基本的にKindle端末を買ったからといって読書を全てKindleに移行させることはできず、読みたい本やシチュエーションに応じて併用していくのがベターなように思う。

また、短所の中でも特に「品揃えが貧弱」というポイントは致命的だ。他の短所と違って慣れによってクリアされず、Kindle端末での読書スタンスそのものを規定してしまう。具体的に言えば、読む本の決定権が自分ではなくKindleストアにあるという設定を受け入れられるかどうかだ。
恐らく、普段からあまり読書をせず、たまにこれと決めた本を読むだけの人にはKindle端末はあまり向かない。日常的に読書をしており、何でもいいからとりあえず常に何かを読み続けるようなスタンスの人には向いていると思う。
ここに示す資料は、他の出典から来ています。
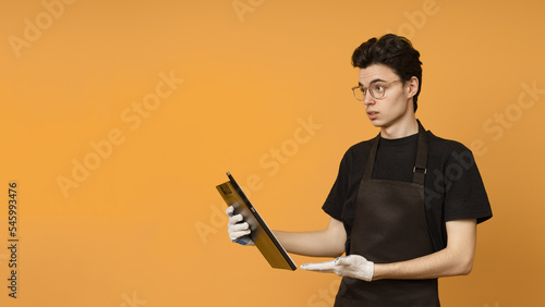 young man in a black t-shirt and apron in work gloves with a tablet for papers in his hands is perplexed and looks away at copy space
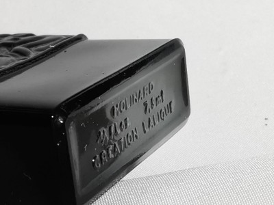 D’une contenance de 1/4 oz (7,5 ml) pour une hauteur d’environ 6 cm, ce flacon est à moitié plein. Le verre noir est en excellent état de conservation, sans éclat ni fêle, et les inscriptions moulées sous le flacon sont bien visibles. Un exemplaire représentatif d’un parfum mythique, apprécié tant pour sa fragrance que pour son flacon iconique.

割とネガキャン寄りになったが、俺個人としては良い買い物をしたと満足している(サンクコストバイアスではない!)。

いずれにせよ、Kindle端末はかなり特殊な端末なので、よくあるタブレットの亜種と思って買うと恐らく期待と違う商品を手にすることになる。プライムデーセールで購入ボタンを押す前に電気屋で実物を触っておくことを、何度でも強く勧める。